Not sure if on the fly conversion performs well enough. I thought about making Lens aware of different content repositories though, which means that content providers could make their repository available by exposing a service conforming to the JSON format Lens can read.

E.g.
http://lens.elifesciences.org#peerj would let you browse within the available articles of that repository.

More work needs to go into the specification of the Lens Document Format as well as documenting the conversion process and providing tools that help with the conversion process.

@MikeTaylor
Copy link
Author

This seems like a good route to take.

Although on-the-fly conversion would surely be a useful tool for testing
and debugging. Maybe you could consider making it available for beta
partners so they can report to you where they find problems in the
conversion or display?

On 6 June 2013 23:44, Michael Aufreiter notifications@github.com wrote:

Not sure if on the fly conversion performs well enough. I thought about
making Lens aware of different content repositories though, which means
that content providers could make their repository available by exposing a
service conforming to the JSON format Lens can read.

E.g.
http://lens.elifesciences.org#peerj would let you browse within the
available articles of that repository.

More work needs to go into the specification of the Lens Document Format
as well as documenting the conversion process and providing tools that help
with the conversion process.


Reply to this email directly or view it on GitHubhttps://github.com//issues/6#issuecomment-19079196
.

@michael
Copy link
Member

michael commented Jun 6, 2013

Our converter will be open sourced soon, we just haven't had the time to review the codebase and get the documentation right. It would be great to have support from other Open Access publishers with regards to accessing fresh content. Lens could also be a useful tool outside of the science community, e.g. for viewing software documentation etc... But then again... one step at a time. :)

@ivangrub
Copy link
Contributor

The converter is currently built to support the XML standard of: http://www.ncbi.nlm.nih.gov/pmc/pmcdoc/tagging-guidelines/article/style.html . There might still be some edge-case errors that will come up, but should be debugged very quickly.

I will look into building a more robust API for the converter so that it is easier to plug into different workflows. The main issue with on-the-fly client side conversions is that each publisher would have to provide definitions for their figure URLs that would either have to be included in the converter, or added as a post processing step in that publisher's workflow. I think a static repository supported by each publisher would probably be the ideal way to move forward as well.

@MikeTaylor
Copy link
Author

Why does the NLM->JSON converter need to know the individual publishers' figure URL conventions? (I'm not saying it doesn't just curious as to what could invoke such a requirement.)

@ivangrub
Copy link
Contributor

Unfortunately, the XML tags do not provide a src attribute.
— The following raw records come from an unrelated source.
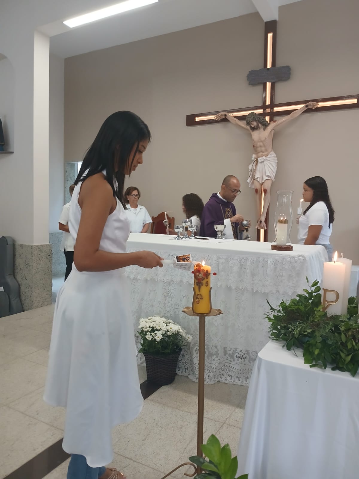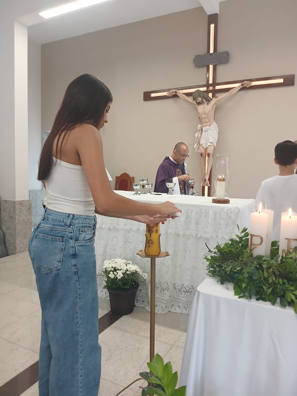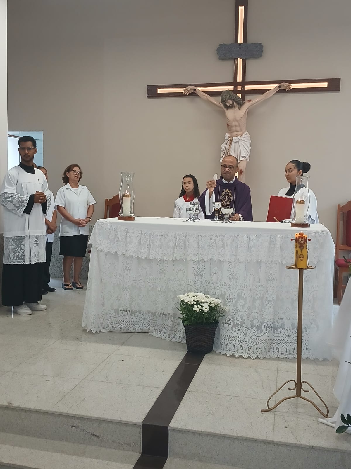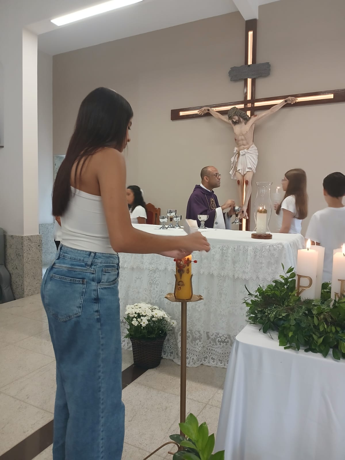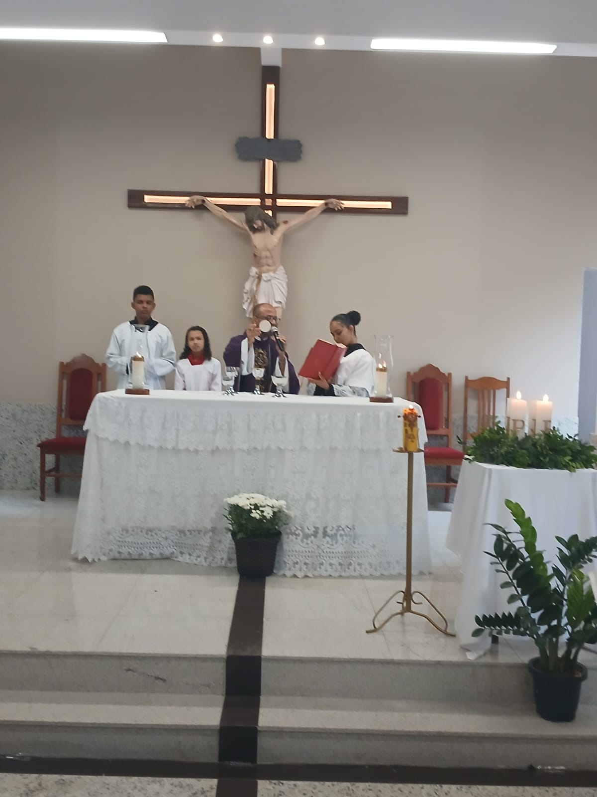 A Santa Missa, realizada às 07h30 na Igreja Matriz e presidida pelo Padre Elinei, foi um momento de grande graça, onde a comunidade paroquial se reuniu para testemunhar o encontro de cada criança com Jesus Eucarístico.
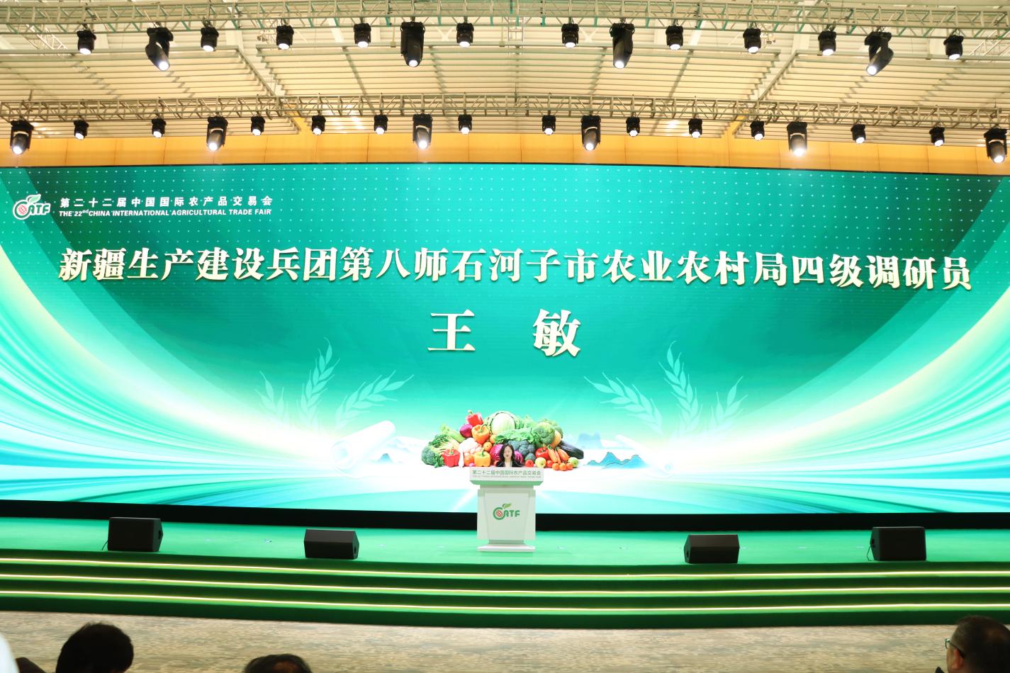 (图:第八师石河子市农业农村局四级调研员王敏在农业品牌活动中推介)
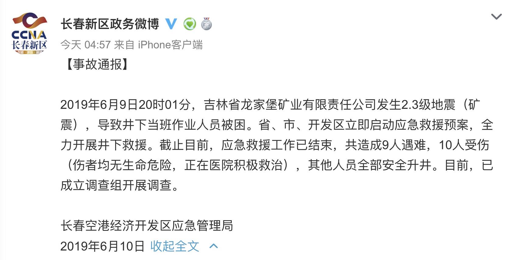 據長春空港經濟開發區應急管理局發布,6月9日20時01分,吉林省龍家堡礦業有限責任公司發生因采礦誘發2.3級地震,導致井下當班作業人員被困。截止目前,應急救援工作已結束,共造成9人遇難,10人受傷。傷者均無生命危險,正在醫院積極救治,其他人員全部安全升井。目前,當地已成立調查組開展調查。(央視記者 孫建德)?
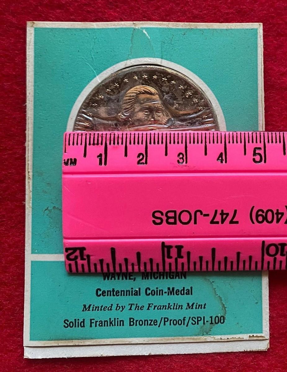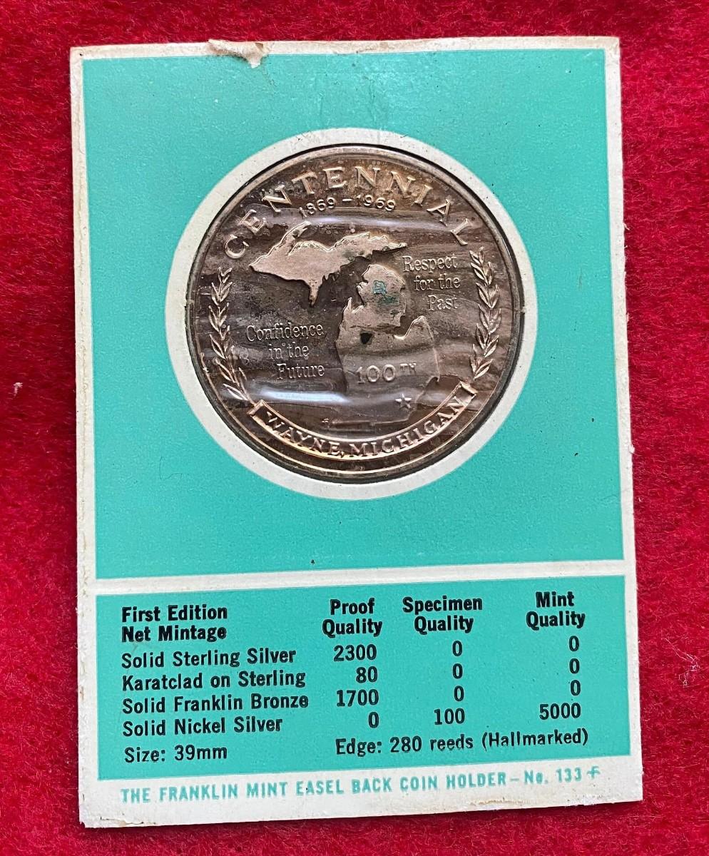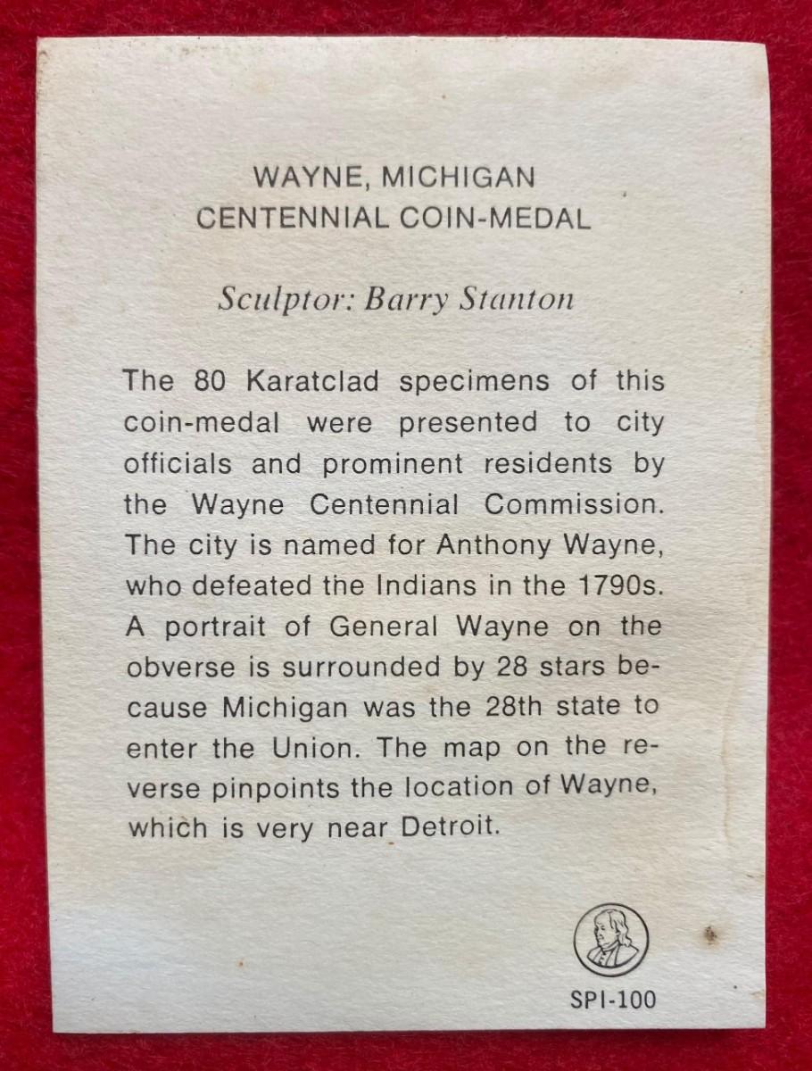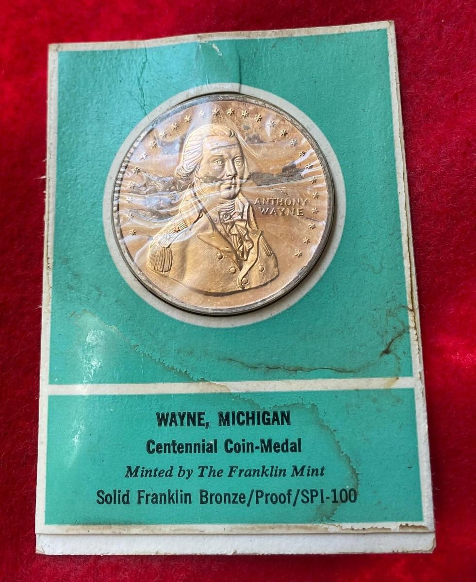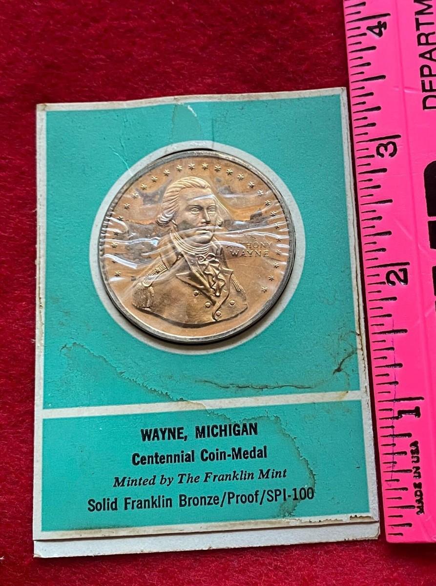 Wayne Michigan Centennial 1869 - 1969, Franklin Mint Specimen, Coin, Medal, Proof, Numismatic, Medallion, Exonumia, General Anthony Wayne

Through a little hacking it is possible to figure out how to stitch together the URL, but that is a tedious and error-prone process.

The image and video nodes in the JSON contains a url property which needs to point to the image or video to be displayed. If that property is empty, then the article will render fine, except you will be missing all of the media bits.

@MikeTaylor
Copy link
Author

Wait ... NLM, the universally used canonical format for representing scholarly articles ... HAS NO WAY TO LINK TO THE FIGURES? Did I understand you right?

@ivangrub
Copy link
Contributor

Yes. The figure tags contain a graphic-id attribute that gives the figure's name that can be stitched together with a image styled extension. This depends on having local storage of all the article's media (images, video, supplementary material, source code, etc.) in the same path as the article's XML though. Universal access to the figures is not available at the moment. Or at least I have yet to see it. If you know of a way to do this, I would be more than happy to hear about it and quickly implement it into the converter.

@MikeTaylor
Copy link
Author

Holy poo. Well, I am astonished at such designed-in brain-damage. Sorry I can't help -- I am no NLM expert, and certainly don't know a better way. So, yes, your converter script will need, or need access to, a set of per-publisher or per-journal recipes for turning graphic-IDs into URLs.

@rdmpage
Copy link

rdmpage commented Jun 10, 2013

Mike, as an example, here's a fragment from ZooKeys:

<graphic xlink:href="ZooKeys-285-089-g001.jpg" position="float" orientation="portrait" xlink:type="simple"></graphic>

To render this you need to figure out what the full path is to the image. You don't get a URL :(

@rdmpage
Copy link

rdmpage commented Jun 10, 2013

Of course, if you have a DOI for the figure you may have better luck...

@ivangrub
Copy link
Contributor

lt is quite unfortunate. I think part of the reason for this is that the URL path for each publisher is subject to change over time so instead of having to update the XML each time with the new URL, PubMed decided to just push for having local storage of all of the figures and associated files. That is why I think a local repository of the converted JSONs, per publisher, would be the best. We can work with the interested parties to add the converter to their workflows and then link these repositories with Lens.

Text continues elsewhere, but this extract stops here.